Sermon for the Second Sunday in Advent - Year B, 12-6-2020
January 1, 2021, 11:00 AM

Second Sunday in Advent

“In those days Jesus came from Nazareth of Galilee and was baptized by John in the Jordan.” Notice that we are in the Gospel of Mark. This is year B and we will have the Gospel of Mark just about every Sunday for the whole year. Maybe you have asked your self why Jesus who was sinless is being baptized by John in a baptism for the forgiveness of sins. I don't think this baptism has anything to do with that question. It is really about the Jordan and it is really about us. Our prelude was Deep River and the Jordan is the deep river we must cross to campground. “Deep River, my home is over Jordan. Deep river, I want to cross over into campground.” H. Thurman wrote about this spiritual and he says that to 'slip over the river is the chance for freedom.” “The river was the last and most formidable barrier to freedom for the slave.” Deep River could be the Ohio River or Deep River could be some river near the border to Canada. But the Deep River is always the gateway to freedom and today that Deep River is the Jordan. Jesus goes to the Jordan. He meets John the Baptist and is baptized. But Jesus really goes to the Jordan to lead us into the water and across it to lead us to freedom. Before Jesus another leader went to the Jordan. Remember Joshua, the leader of Israel after Moses. God exalted Joshua and Joshua led the people through the Jordan to freedom, to the promised land. Jesus goes to the Jordan, and now God exalts Jesus much more than Joshua. Now the heavens are torn apart. The Spirit descends on Jesus and God says you are my Son. We hear that voice. We follow Jesus through the Jordan and through baptism to freedom. When you go into a river, you get soaked. You get cleansed. We go with Jesus through the Jordan. We are cleansed and on the other side we come out daughters and sons with Jesus. As with Joshua there is a promised land on the other side. This time the promised land is the new Kingdom of Heaven on earth, the kingdom of Love. The kingdom of love where we have a new dignity, the dignity of daughters and sons of God.

This reminds me of Doctor Martin Luther King. King had a dream. It was a dream about the future and a dream about what awaits us on the other side of the Jordan.

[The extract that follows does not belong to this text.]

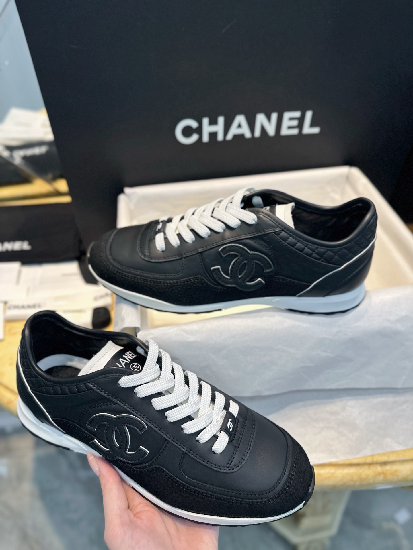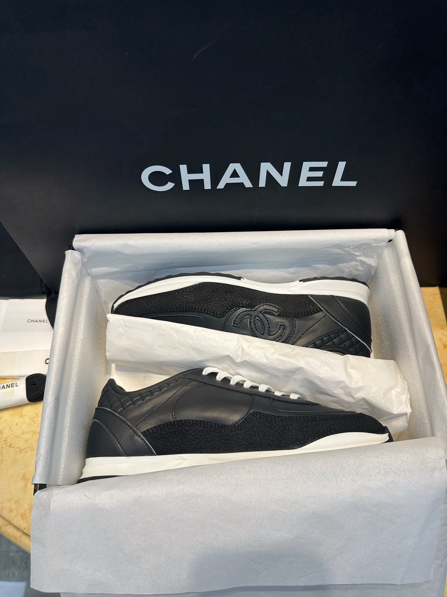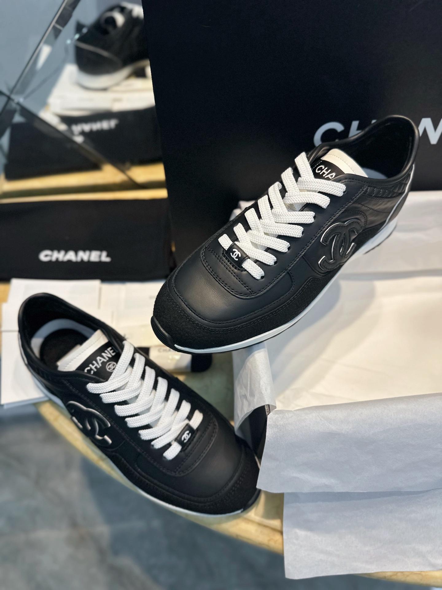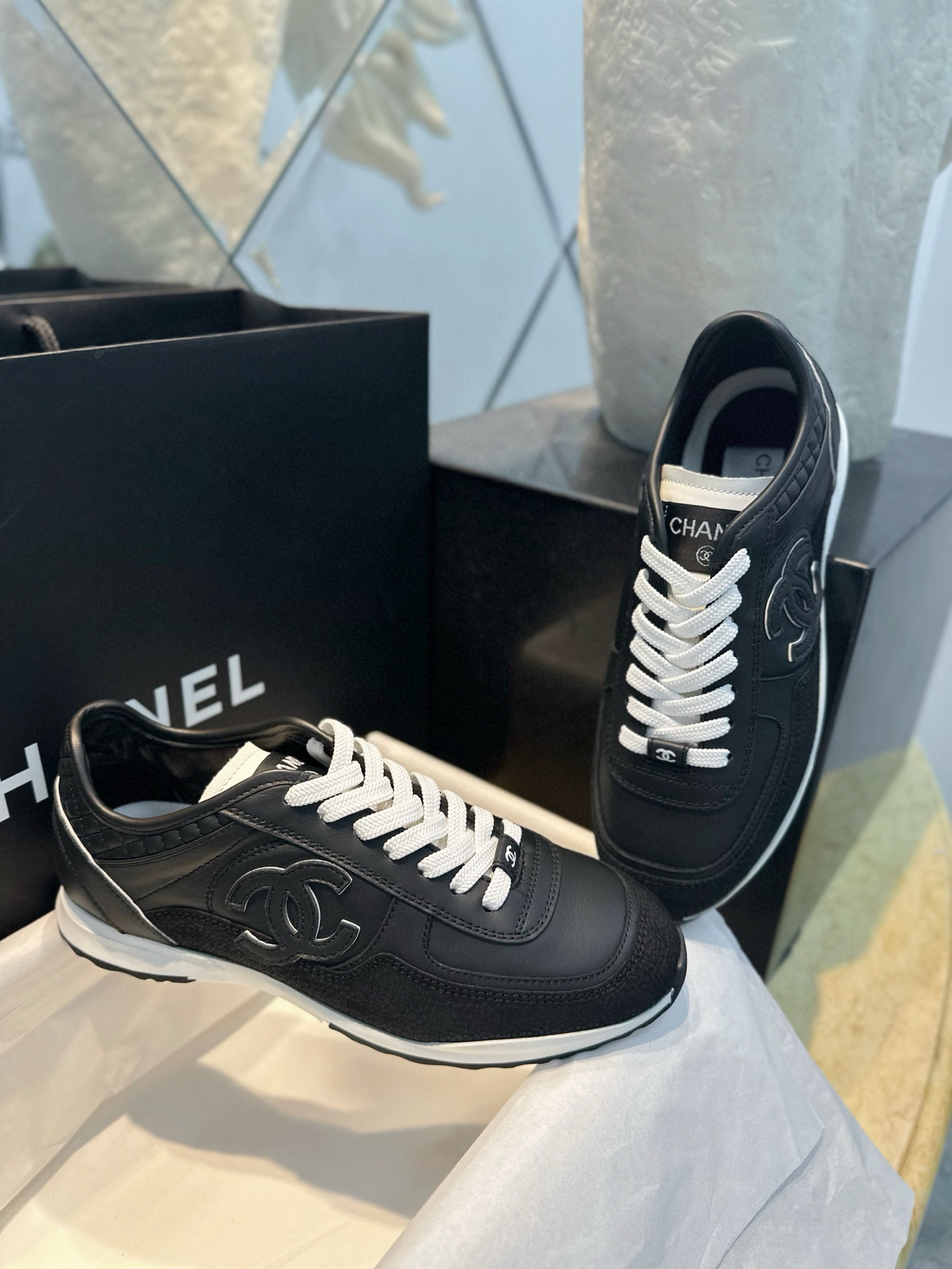Chanel 25P Black Thin-Sole Panda Sneakers. Stylish black and white panda colorway with thin sole design from the 25P collection. Premium leather construction. Sizes 35-39, 41.
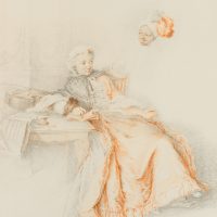 After Nicolas François Portail (18th century), Musical lady in rococo dress having coffee, , Photogravure

A dream of harmony, mutual respect, and freedom. King knew a way to reach that dream, For King the only way to reach that dream was nonviolence. Non-violence is the deep river we must cross. On this side of the river is anger. On the other side of the river is love, freedom and dignity.

Anger is part of our life. We can't help feeling anger. We feel it when something wrong is done to ourselves are to someone we love or care about. And when we feel this anger we want two things. We want payback. We want the one who inflicts hurt, who has prejudice, who deprives us of God given rights to suffer payback. And secondly we want that person to go on paying by losing status, by being demoted, by suffering a loss of stature. So when we are angry we want two things: payback and demotion.

Doctor King knew a different way, a creative way to deal with anger. Doctor King transcended this idea of payback and demotion. But king said, “I do not want to give the impression that nonviolence will work miracles over night...the nonviolent approach does not immediately change the heart of the oppressor. It first does something to the hearts and souls of those committed to it. It gives them new self-respect; It calls up resources of strength and courage that they did not know they had. Finally it reaches the opponent and so stirs his conscience that reconciliation becomes a reality.”

For King the first step is that we have to cross that deep river. The second step is we are cleansed and transformed. We gain dignity and self respect, strength and courage. We walk the walk of the Kingdom of love. This is how we transcend the desire for payback and the will to belittle and demote the one who sets him/herself against us.

We get in good trouble as John Lewis said, but only by the means of nonviolence. This means we have to get into the face of the one who hurts and deprives us of dignity and our rights, but never with the idea of payback, never with the idea of demoting the opponent. Only with love. There is a deep river and on this side of that deep river is anger and maybe hate. But on the other side of the deep river is the bright and beautiful future of brotherhood, sisterhood, co-operation, fellow feeling. Doctor King's dream. We will never get there by way of violence. We can only get there with love. And this is real and practical love. It is in fact the only practical way to change the world.

Today Jesus wants to lead us across that deep river. Jesus wants to lead us to that kingdom of Love. We can follow him. We can walk the walk of Doctor King. We can get ourselves into Good Trouble with John Lewis. But we can only do this if we allow God to transform out anger. To make it creative and fruitful through love.

We are called to prepare for Christmas on this Second Sunday of Advent by wading into that deep river and leaving anger behind so that we might emerge on the other side to love and to loving with each other. Let us pray that God change our hearts and give us that peaceful non-violence which is love and loving.